COLLECTED DATA:
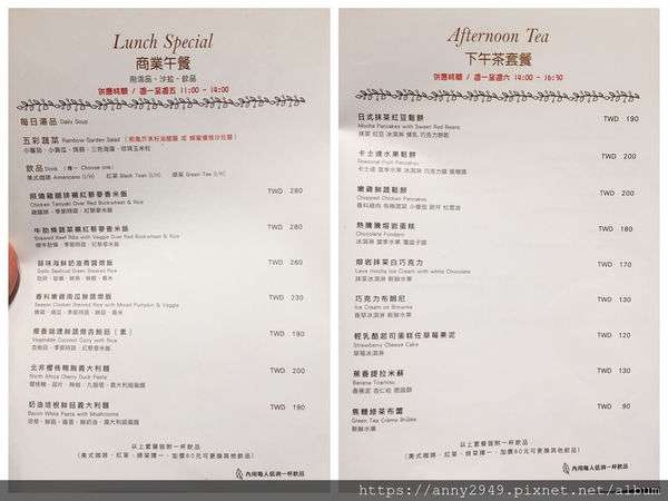 內用低消每人一杯飲品,部分餐點11:00以後 / 14:00~16:30 供應
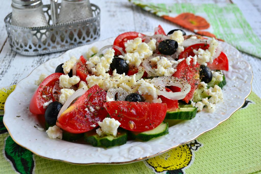 Всего несколько минут и у вас на столе аппетитный салатик, который порадует приятным вкусом и яркими красками, а сыр сделает блюдо более сытным и немного оттенит вкус овощей. Подавать классический греческий салат, приготовленный с брынзой, нужно сразу к столу. Вкусно, полезно и безумно аппетитно!
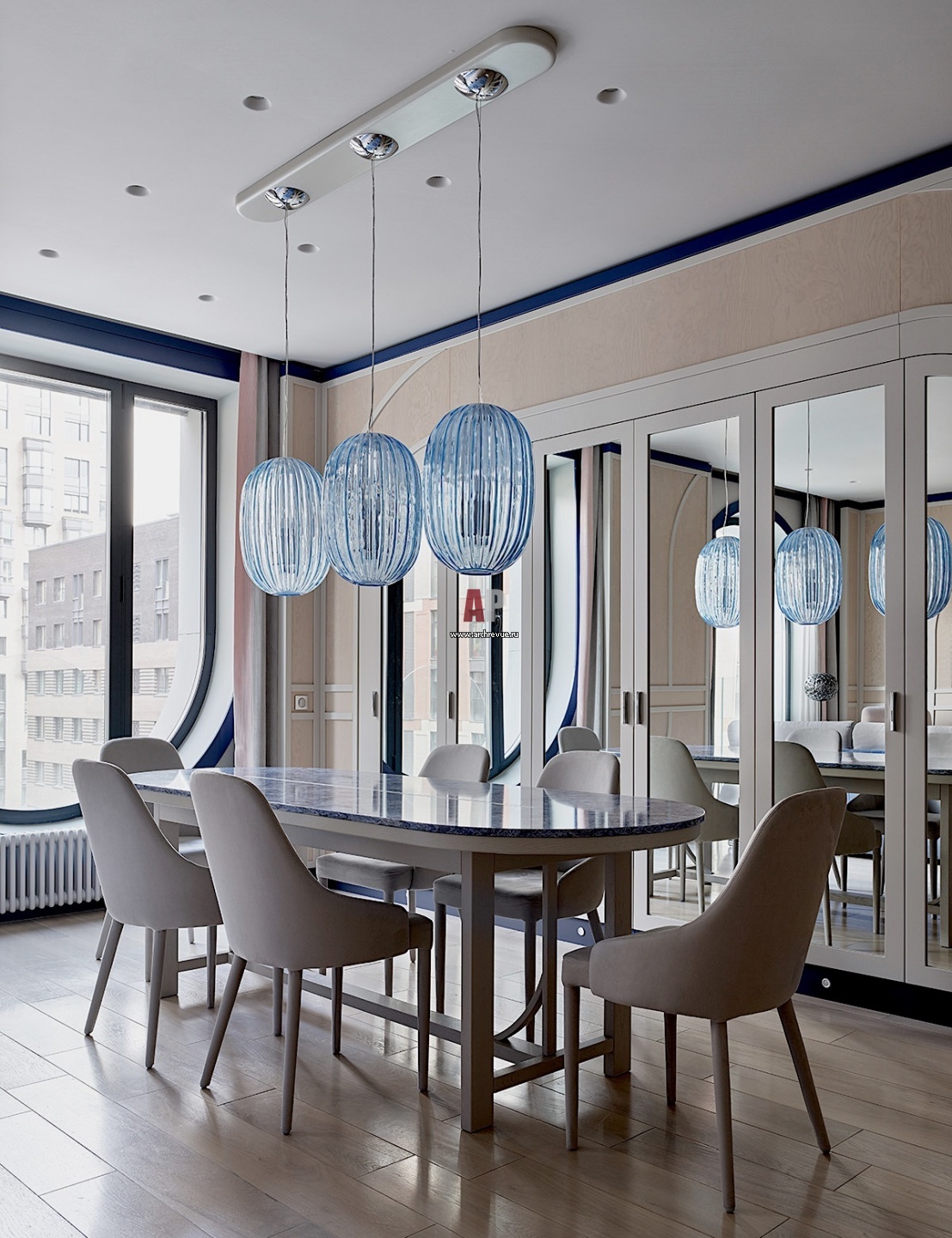 Обеденный стол сделан на заказ. В столешницу из красивого камня вмонтированная светодиодная нить, она подсвечивает сервировочные блюда, придавая им сходство с артом. Стол со спецэффектами задумывался на этапе черновой отделки, под него в полу была выведена электропроводка.

DIRECTIONS:
Print verbatim every line above, apart from the pictures.

ANSWER:
 內用低消每人一杯飲品,部分餐點11:00以後 / 14:00~16:30 供應
 Всего несколько минут и у вас на столе аппетитный салатик, который порадует приятным вкусом и яркими красками, а сыр сделает блюдо более сытным и немного оттенит вкус овощей. Подавать классический греческий салат, приготовленный с брынзой, нужно сразу к столу. Вкусно, полезно и безумно аппетитно!
 Обеденный стол сделан на заказ. В столешницу из красивого камня вмонтированная светодиодная нить, она подсвечивает сервировочные блюда, придавая им сходство с артом. Стол со спецэффектами задумывался на этапе черновой отделки, под него в полу была выведена электропроводка.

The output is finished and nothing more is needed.